Аккуратно упаковав банки в хозяйственную сумку, найденную здесь же, я переложил их старыми газетами и журналами «Техника молодежи» и «Моделист-конструктор». Уже собрался уложить сумку в машину, когда услышал чьи-то голоса. Дверь скрипнула и в гараж вошла… как же ее фамилия. Актриса, маленькая такая, смешная. Если верить телеящику – ярая фрондерка… Ахеджакова, точно! Но молодая.
– Александр Сергеевич! – обрадовалась она, увидев меня. – Как здорово, что мы вас застали! Я звонила-звонила… На работе говорят, что вы в отпуске, а до жены вашей вообще не дозвониться! А без вас мы ничего решить не можем. Даже хотели общественную делегацию к вам домой посылать.
Во дела! Мною интересуется общественность? Я поправил очки, вытер руки ветошью.
– Чем могу быть полезен?
– Очень! Очень можете быть полезным! Вы вообще у нас самый полезный. Не то, что прочие мужики. Даже не знаю, как бы я без вас зиму прожила, – приговаривала она, увлекая меня к выходу. – Пойдете, пойдемте, сами ей скажете…
Я? Скажу? Кому? И что значит «зиму не прожила?» Ничего не понятно.
У гаража стояли трое. Один – Валентин Гафт. Его я сразу узнал, с ним была эта, которая в «Гараже» главная была, и эта… как же ее… в общем – жена Гуськова из фильма.
Я смотрел на них совершенно офигевший, особенно на Гафта. Артист этот мне очень нравился. Но тот отстраненно рассматривал облака, а женщины же сразу стали кричать и склонять меня на свою сторону. Речь шла о какой-то теплице и огурцах. Ахеджакова и жена Гуськова кричали, что нужно продолжать, а главная, которую называли «товарищ Аникеева», громко возражала, что самоуправство недопустимо. Гафт отмалчивался. И вот таким дружным коллективом мы двинулись в сторону ворот автокооператива, прошли через них, свернули налево и дошли до края сплошной кирпичной стены гаражей. Снова повернули налево, и я увидел теплотрассу и теплицу. То есть, теплица стояла прямо на теплотрассе. Длинная такая теплица с косой крышей, приделанной прямо к стене гаражей, со стеклом в деревянных рамах. И внутри ее что-то зеленело и краснело.

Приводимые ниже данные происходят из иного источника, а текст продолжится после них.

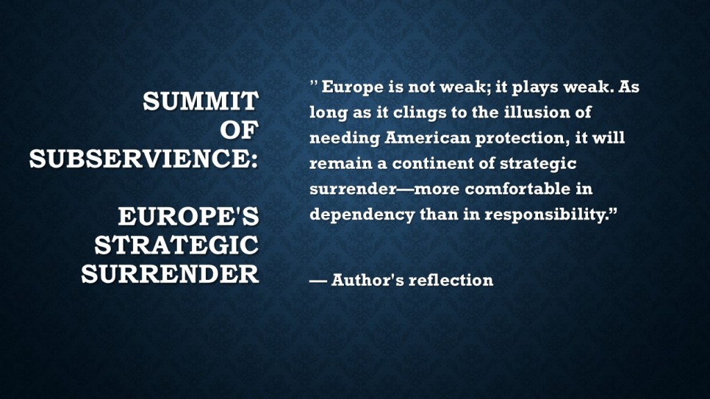 ✍️Authors Note: As a long-time supporter of European integration and a realist observer of geopolitics, I have lived through many of Europe’s turning points. But I have grown wary of today’s inflated rhetoric, historical amnesia, and the cyclical seductions of military spending. I have watched the events surrounding the recent NATO and EU summits with both dismay and clarity and question whether the current trajectory of European defence policy—and Europe’s subservience toward the United States—truly serves our best interests. This reflection is not a rejection of European unity, but a call for coherence, historical honesty, and strategic maturity.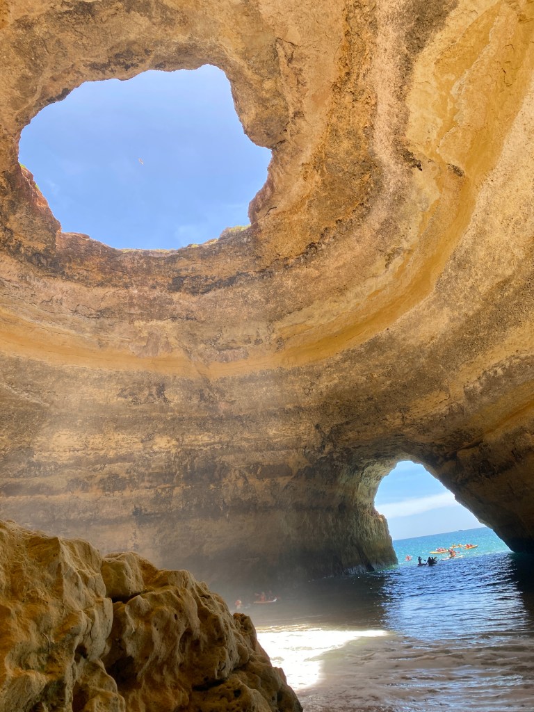 La vue d’en dessous : Elle est accessible uniquement en bateau ou kayak. Nous avons opté pour l’activité kayak qui dure 1h30 pour un coût de 28,5€ pour deux. Nous avons eu le temps d’aller dans la grotte et pagayer jusqu’à la Praia da Marinha et voir le double arche vu d’en dessous, c’est incroyable ! Sur le site https://www.getyourguide.fr, nous avons directement pris nos billets en ligne et avons retrouvé le loueur sur le parking cité au dessus.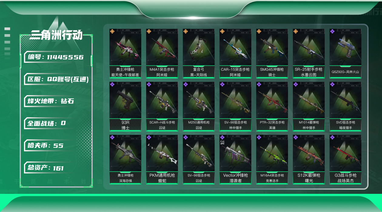 [11445556]总资产:161.3M 6传说枪械 哈夫币:55.788K 可二次 可修改实名 优质装备:顶级安全箱(3x3) 烽火地带段位:钻石 全面战场段位:尉官 传说武器皮肤:SR-25射手步枪-水墨云图,SMG45冲锋枪-骑士,M4A1突击步枪-阿米娅,CAR-15突击步枪-阿米娅,复合弓-黑-天际线,勇士冲锋枪-能天使-午夜邮差 史诗武器皮肤:Vector冲锋枪-潜袭者,PKM通用机枪-蝮蛇,G3战斗步枪-战场英杰,SVD狙击步枪-暗夜猎手,M16A4突击步枪-竞赛选手,勇士冲锋枪-深海恐惧,M1014霰弹枪-林中猎手,SV-98狙击步枪-林中猎手,PTR-32突击步枪-英雄,M250通用机枪-囚徒,SV-98狙击步枪-囚徒,SCAR-H战斗步枪-囚徒,SVD狙击步枪-阿萨拉工艺,S12K霰弹枪-曙光,QSZ92G-风林火山,93R-博士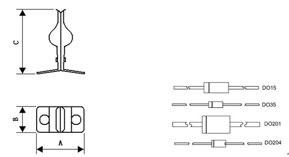 产 品 型 号 IC封装 A B C 003-0005-005 轴向二极管 15.0±0.02 8.2±0.2 20.6±0.2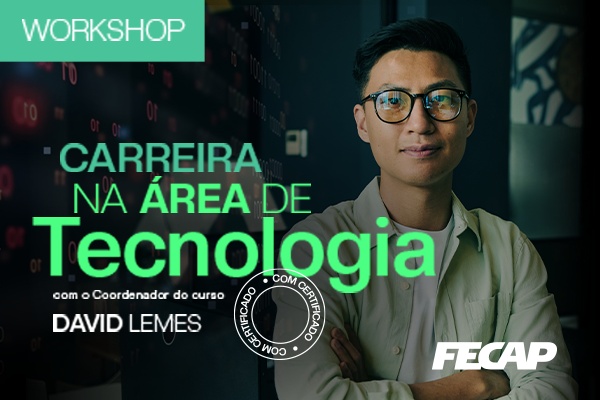 O evento será conduzido pelo Professor e Coordenador dos cursos de Tecnologia da FECAP, David Lemes, que compartilhará sua experiência e insights sobre as tendências do mercado, habilidades essenciais e caminhos para se destacar na área.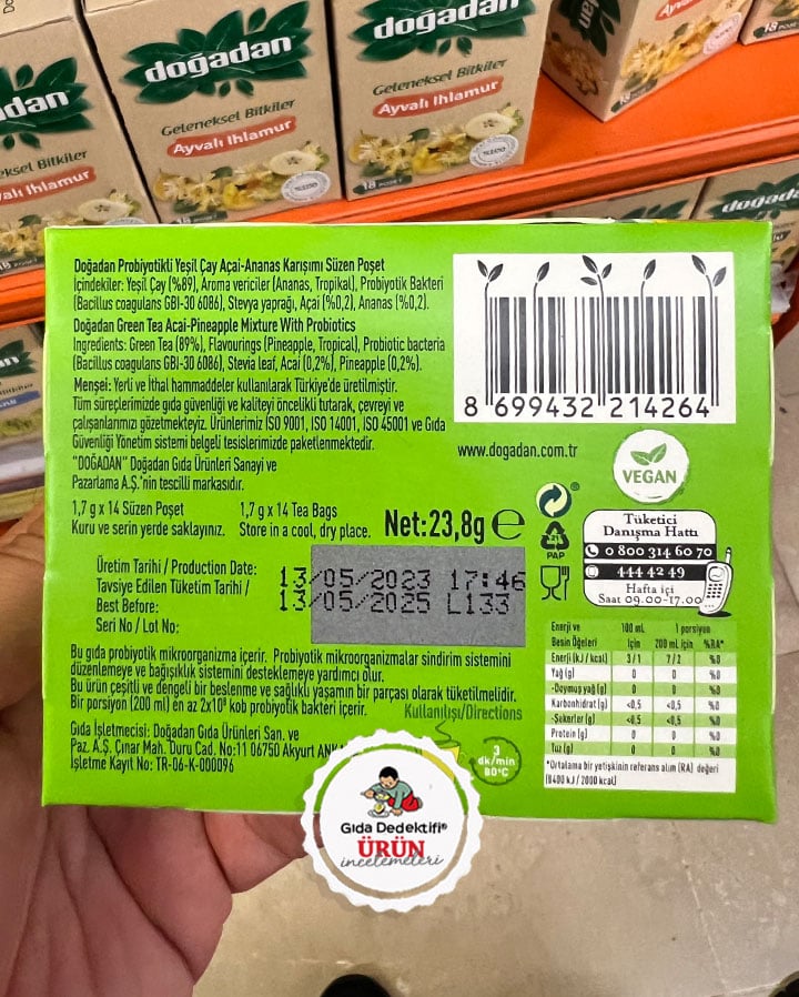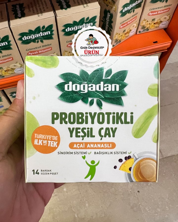 Doğadan markasıyla satışa sunulan Probiyotikli çaylardan Açai ve Ananaslı ürünü inceleyeceğiz. Fakat ürüne ne denli “açaili” ve “ananaslı” denir, onun kararını size bırakıyoruz. Ürün içeriğinde 1,7 gr’lık 14 adet süzen poşet bulunan 23,8 gr’lık kutularda satışa sunuluyor. Ürün ambalajında “sindirim sistemi” ve “bağışıklık sistemi” ifadelerinin yanında “tik” ibaresi yer alırken, ayrıca ananas ve açai meyvesi görselleri bulunuyor.

Тут женщины опять стали ругаться. Как я понял, Ахеджакова и жена Гуськова настаивали, что теплицу надо сберечь и расширять, а товарищ Аникеева возражала, что это – самоуправство, и что за это придется ответить. В том числе и мне.
Мне?
Оказалось, это я, то есть – Шурик все придумал. Когда строители сорвали сроки по прокладке и утеплению теплотрассы, потому что не завезли утеплитель, Шурик предложил не ждать милостей от промснаба, а поставить на теплотрассу теплицы. Таким образом, не только ее утеплить, и тем самым завершить строительство автокооператива, но и выращивать за счет исходящего от труб тепла полезные овощи и цветы даже зимой.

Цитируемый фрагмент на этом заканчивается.